Might it be feasible for your DD to transfer to the school where you work, at least temporarily?

Icantpeopleanymore · 28/10/2024 14:58

@ThanksItHasPockets yes definitely, I'm a much better parent when working, I really struggled with maternity leave and whilst I love the holidays, I'm all at sea, I think I'm institutionalised at this point!

I work at a boys school..🙁

OP posts:
CeciliaMars · 02/11/2024 08:18

This sounds like a tough decision but my gut says to try to stay in your job. You are in a school and a role that you like, already working 4 days a week. I think it would be very hard to replicate that in a few years when you need to return to teaching. Although it feels difficult and exhausting at the moment, I would imagine that being at home full time would be difficult and exhausting in a different way. Would it help to think that you work 4 days a week in a school that is only open 39 weeks of the year? That means that out of 365 days, you work around 156 of them, which is 43% of all days in the year. It helps me to think like this!

Dendron123 · 03/11/2024 09:52

Not going to advise either way, just wishing you all the very best.

My son was diagnosed ASD when he was young just after I’d got a new job. I struggled on for a year then left. It was the right decision for me at the time but my husband was earning enough to make it possible. I was very lucky. When I tried later to get a job it was really difficult. Generally, newly qualified teachers seem to make outstanding candidates…I’ve been stuck in Supply work for over 10 years.
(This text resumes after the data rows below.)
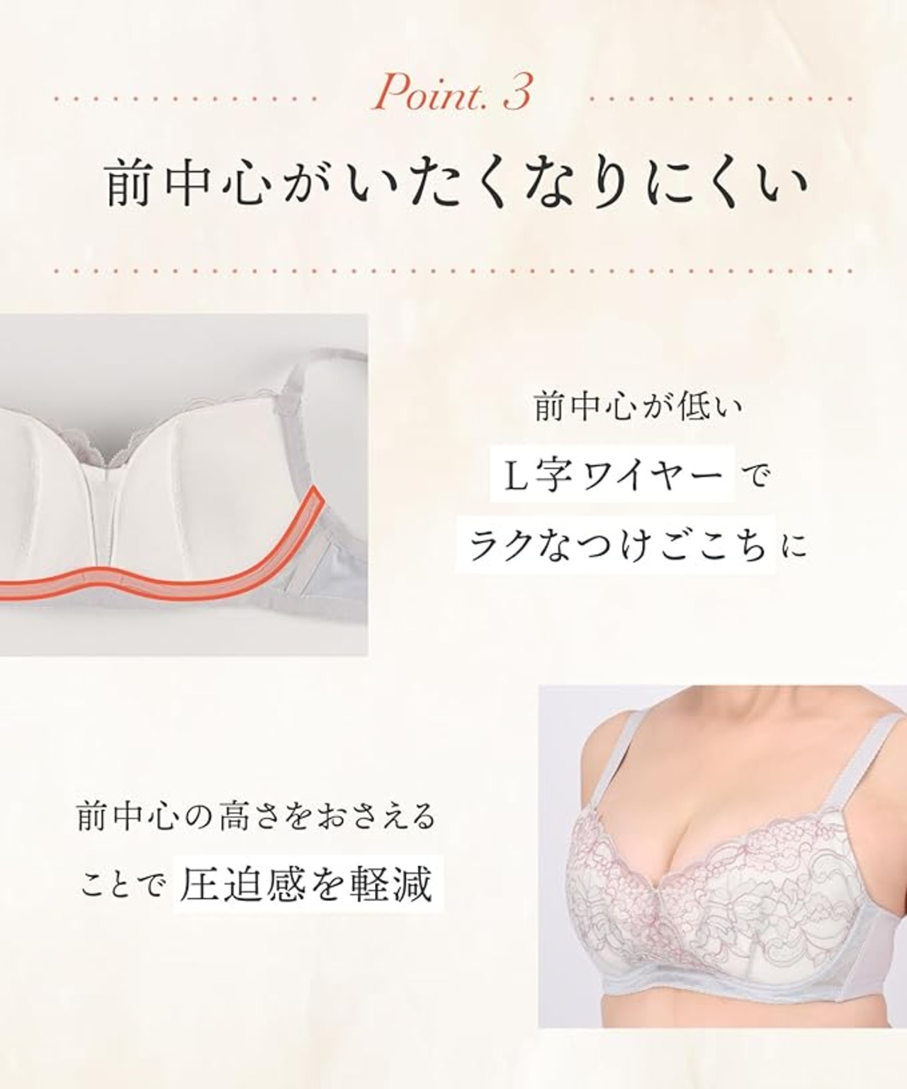 【前中心がいたくなりにくい】前中心の高さをおさえたL字ワイヤーで圧迫感を軽減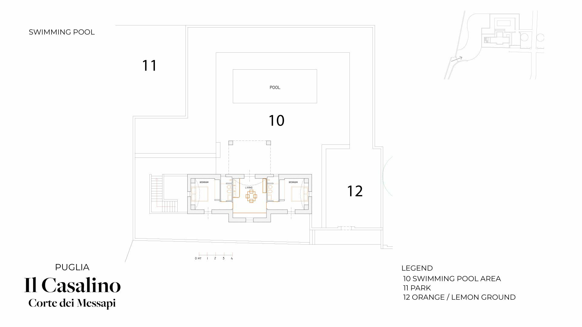 Von diesem Wohnsitz kann man die wichtigen Sehenswürdigkeiten wie Ostuni, Cisternino und Alberobello gut erreichen und die wunderschöne Natur der apulischen Landschaft geniessen. Der Garten und das private Schwimmbad stehen den Gästen zur freien Verfügung und hier kann man sich nach einer Tour durch die Gegend im Freien oder am Schwimmbad entspannen. Der Garten ist eingezäunt und es gibt einige Obstbäume, einen Bio-Gemüsegarten und einen Zitronenhain.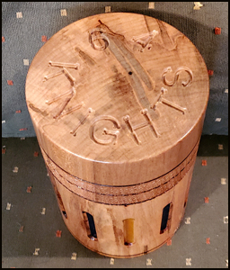 In the first drawing for a prize, Vicki Loeffler Roark won the lidded container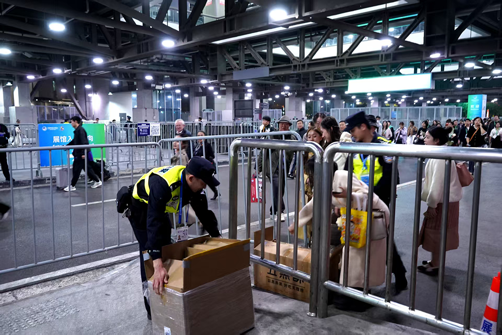 澎湃新闻记者从上海警方获悉,从往日专业观众日分析,每日早上9时至11时是入馆高峰时段,下午4时起会迎来集中离场大客流。由于大部分展客商都会选择轨交出行,西厅0米层便成了最优选择的离场通道。为此,警方将在重点时段持续增派警力加强疏导,同步利用广播系统等方式,实时引导观众有序离场。
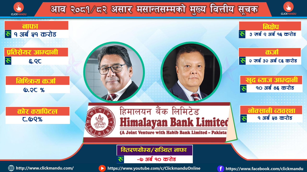 काठमाडौं । हिमालयन बैंकले गत आर्थिक वर्ष २०८१/८२ मा १ अर्ब ५१ करोड २५ लाख रुपैयाँ नाफा कमाएको छ । बैंकले अघिल्लो आर्थिक वर्षको तुलनामा खुद नाफा २२.१५ प्रतिशतले बढाएको हो ।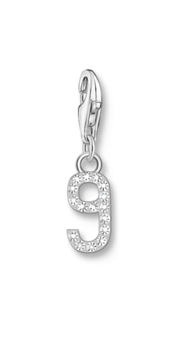 Bär dina favoritsiffror i form av ett smycke. Thomas Sabo Charm Club Charm 9 berlock 2133-051-21 är dekorerad med siffran 9 och är tillverkad i sterling silver. Smycket mäter 23 mm.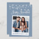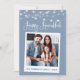 Guión moderno de caligrafía divertida, imagen de cámara instantánea Happy Hanukkah Card - Azul turbio con cadenas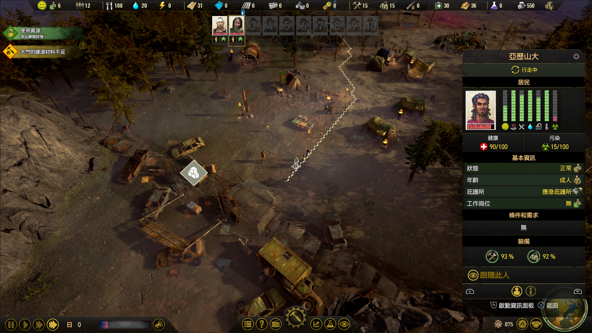 營地建設完成後,雖然可以馬上發射信號彈召集殖民地的居民,但在此建議把不需要耗費資源也能建設的「帳篷」與「糧倉」等先建設好。如果是在靠近水源的地圖,請優先建設攸關生存的「集水箱」,才能穩定的獲取水資源。當第一批居民抵達殖民地後,就可以開始認真建設殖民地了。除了要補充不足的住所之外,也要建設能收集擴大殖民地所需資源的建築物。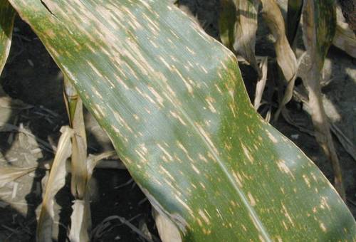 Mancha foliar por Septoria: Afecta principalmente el maíz en climas frescos húmedos. Los primeros síntomas aparecen como pequeñas manchas foliares de color verde claro o amarillo. Las lesiones se fusionan y causan un manchado intenso, así como necrosis de las áreas afectadas en las que se desarrollan estructuras oscuras productoras de esporas conocidas como picnidios.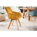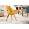 Otočné škandinávske zamatové jedálenské kreslo Caballet s opierkami na ruky a poťahom žltej farby 84cm

The flexibility is good in terms of being able to leave at short notice but for most (not all) long term roles you have all the work but low pay. If I had my time over I’d try to retrain in another field while I was at home.

Good luck whatever you decide..

cansu · 03/11/2024 10:57

I think you will get work but it might not be paid at current level and might be less secure ie fixed term contract. I commented on your other post as I have two with asd who are now older, one still lives with me and still needs lots of care. I am so glad I kept my work going although it was v challenging to do so and remains tricky. I am now divorced and need a new mortgage if I had given up work ten years ago I would have been in a very tricky situation.

Icantpeopleanymore · 07/11/2024 19:55

@cansu thank you. I really don't want to give up working or my job, but I'm just not coping. Only been back three days and I've got divorce paperwork to do as ex thought right now was the best time to do it, got the EHCPNA request to fill out paperwork for, meetings with school where DD is angry and anxious at even the mention of going in..oh and trying to get provisional education in place, which she will probably just refuse to do.

I need to keep working but it's all just too much tight now. Also need a new mortgage in 3 years. Won't get enough from the house to get anything we could live in.